Action item
Quote word for word the lines starting at the line with "YouTube 1.3, αναβάθμιση" and ending at the final line of the entries. Leave out any pictures.

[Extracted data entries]
○ ○ ○ ○

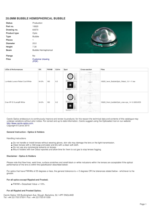 Soczewka Carclo 10620, jednolita, hemi- sferyczna, optyka typu Bubble, do diod Cree serii XP-E, ś: 20mm, wys:7,3mm, FWHM(XP-E):180&deg
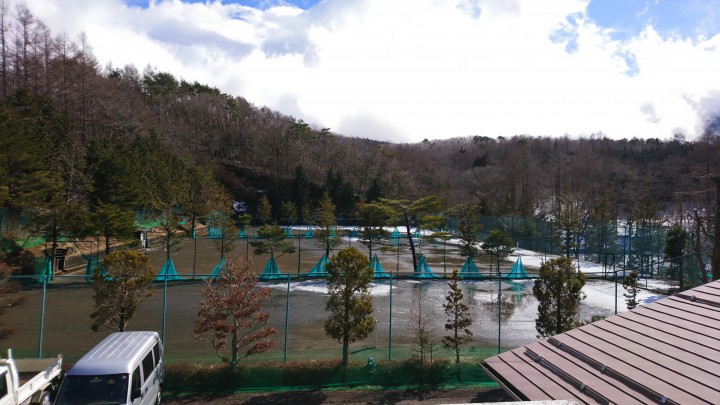 朝方雨が降った山中湖ですが、9時からは晴れとなりました。日中は汗ばむ陽気となり2月中旬にもかかわらず、最高気温は17.2℃、これは5月下旬並みの陽気となりました。写真は正午のテニスコートです。雪がかなり解けました。暖冬のシーズンですがここまで暑いとは異常気象ですね。最低−0℃。
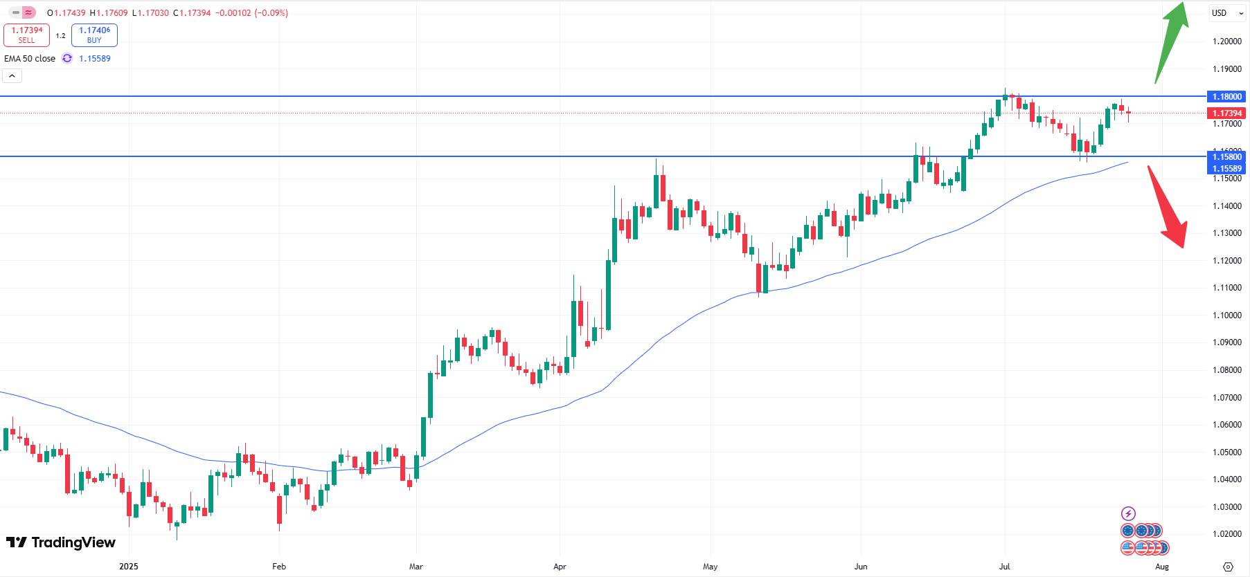 While the trend of the currency pair remains strongly bullish, retracements might also happen. A break of the technical resistance zone would cause the continuation. On the other hand, a break of support zone near the 50- moving average at 1.1580 might cause the market to break lower. The wording of Jerome Powell during the press conference will remain key. The data will be released on Wednesday, July 30 at 20:00 CET.
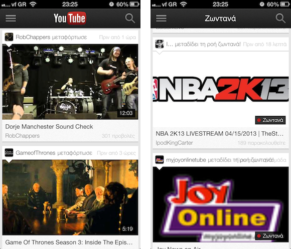YouTube 1.3, αναβάθμιση με υποστήριξη Live streams
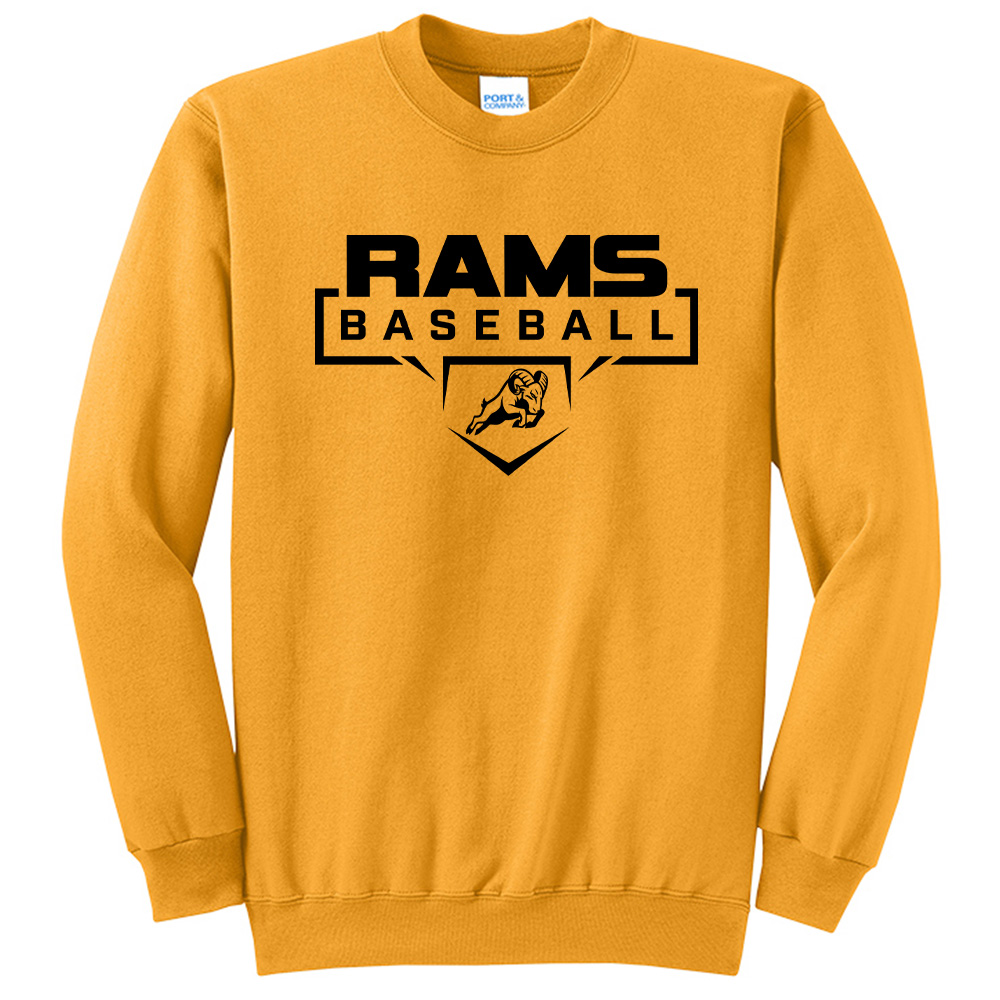 QCA Rams Baseball Unisex Fleece Crewneck Sweatshirt-Gold
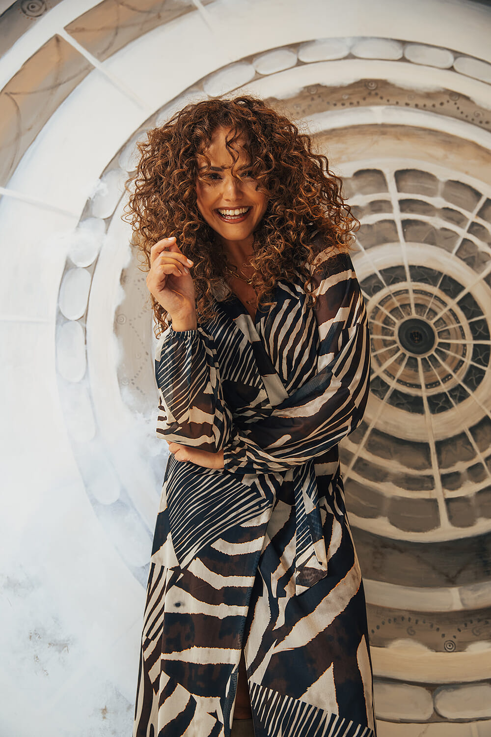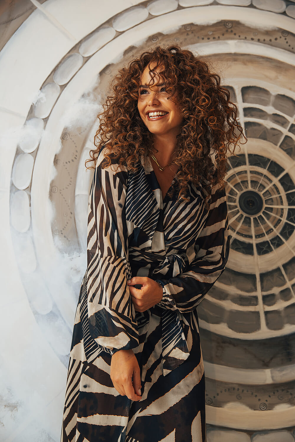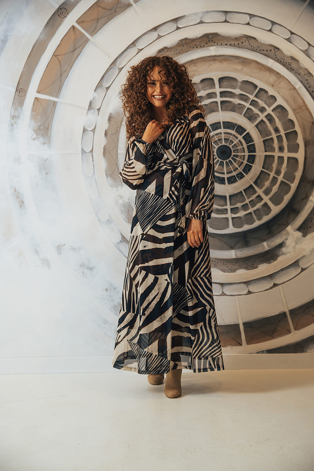 Jurk Sophia van Label Dot is een stijlvolle dames jurk lange mouw met dierenprint. De maxi-lengte en lange mouwen maken het perfect voor diverse gelegenheden. De jurk straalt elegantie uit met zijn unieke patroon en biedt comfort en stijl in één.
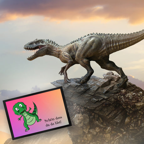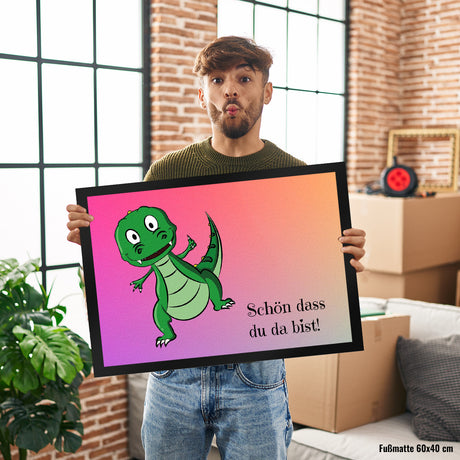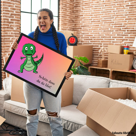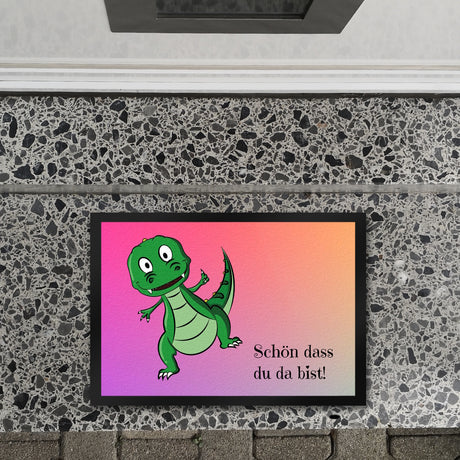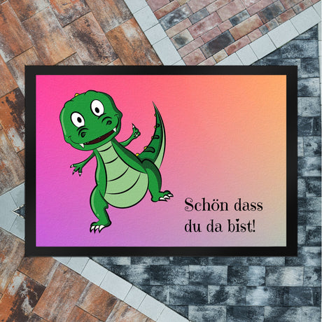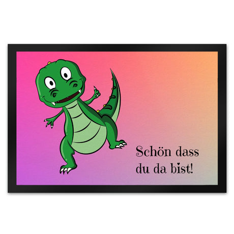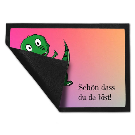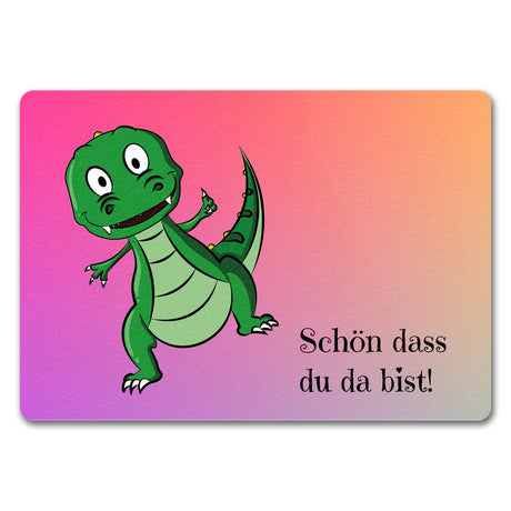 T-Rex Fußmatte in 35x50 cm mit Spruch Schön dass du da bist
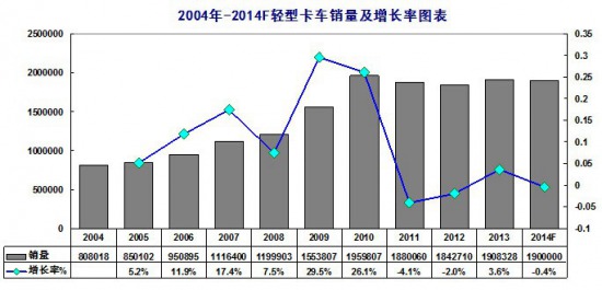 據(jù)中汽協(xié)會(huì)統(tǒng)計(jì),2004年國產(chǎn)輕型卡車(含整車、各類底盤、專用改裝車及皮卡車型等混亂統(tǒng)計(jì))銷量為80多萬輛,自2007年國產(chǎn)輕型卡車產(chǎn)銷量超過111多萬輛以來至2013年,銷量已經(jīng)達(dá)到190多萬輛(中國汽車市場研究會(huì)商用車分會(huì)統(tǒng)計(jì)銷量約為146.5萬輛,其中剔除皮卡型車輛及專用改裝車),今年也有可能達(dá)到190萬輛(中國汽車市場研究會(huì)商用車分會(huì)預(yù)計(jì)約為銷量140萬輛左右)。
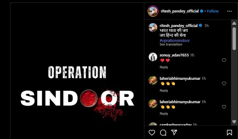वहीं रितेश देशमुख ने पोस्ट करते हुए लिखा है- जय हिंद की सेना, भारत माता की जय
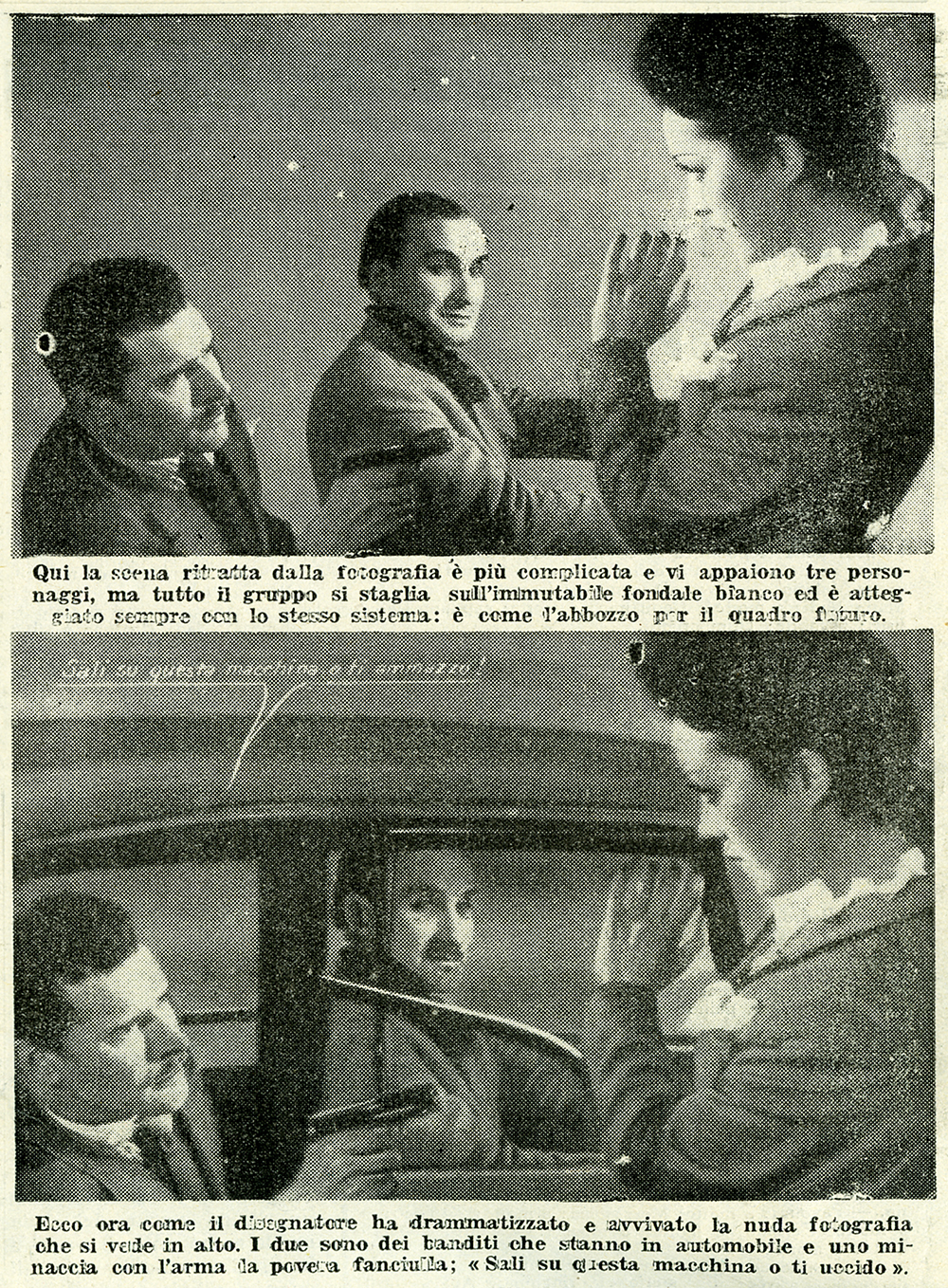 Il lato un po’ in ombra del fotoromanzo per il grande pubblico è sempre stato, invece, la sua realizzazione tecnica. Oggigiorno si fa un gran parlare di concetti come realtà virtuale, realtà aumentata e non ci stupiamo più, neppure minimamente, di fronte a effetti video come il chroma key. Ebbene, già nell’epoca totalmente analogica del fotoromanzo esisteva qualcosa di simile: la mescolanza tra fotografie e disegno era lo strumento per sopperire alle difficoltà scenografiche e di ambientazione dei fotoromanzi. Un articolo del settimanale romano La Tribuna Illustrata dell’8 agosto 1948, intitolato “Silenzio, si scatta!”, mostra il dietro le quinte della realizzazione di un fotoromanzo.

○ ○ ○ ○

Written response
YouTube 1.3, αναβάθμιση με υποστήριξη Live streams
 QCA Rams Baseball Unisex Fleece Crewneck Sweatshirt-Gold
 Jurk Sophia van Label Dot is een stijlvolle dames jurk lange mouw met dierenprint. De maxi-lengte en lange mouwen maken het perfect voor diverse gelegenheden. De jurk straalt elegantie uit met zijn unieke patroon en biedt comfort en stijl in één.
 T-Rex Fußmatte in 35x50 cm mit Spruch Schön dass du da bist
 據(jù)中汽協(xié)會(huì)統(tǒng)計(jì),2004年國產(chǎn)輕型卡車(含整車、各類底盤、專用改裝車及皮卡車型等混亂統(tǒng)計(jì))銷量為80多萬輛,自2007年國產(chǎn)輕型卡車產(chǎn)銷量超過111多萬輛以來至2013年,銷量已經(jīng)達(dá)到190多萬輛(中國汽車市場研究會(huì)商用車分會(huì)統(tǒng)計(jì)銷量約為146.5萬輛,其中剔除皮卡型車輛及專用改裝車),今年也有可能達(dá)到190萬輛(中國汽車市場研究會(huì)商用車分會(huì)預(yù)計(jì)約為銷量140萬輛左右)。
वहीं रितेश देशमुख ने पोस्ट करते हुए लिखा है- जय हिंद की सेना, भारत माता की जय
 Il lato un po’ in ombra del fotoromanzo per il grande pubblico è sempre stato, invece, la sua realizzazione tecnica. Oggigiorno si fa un gran parlare di concetti come realtà virtuale, realtà aumentata e non ci stupiamo più, neppure minimamente, di fronte a effetti video come il chroma key. Ebbene, già nell’epoca totalmente analogica del fotoromanzo esisteva qualcosa di simile: la mescolanza tra fotografie e disegno era lo strumento per sopperire alle difficoltà scenografiche e di ambientazione dei fotoromanzi. Un articolo del settimanale romano La Tribuna Illustrata dell’8 agosto 1948, intitolato “Silenzio, si scatta!”, mostra il dietro le quinte della realizzazione di un fotoromanzo.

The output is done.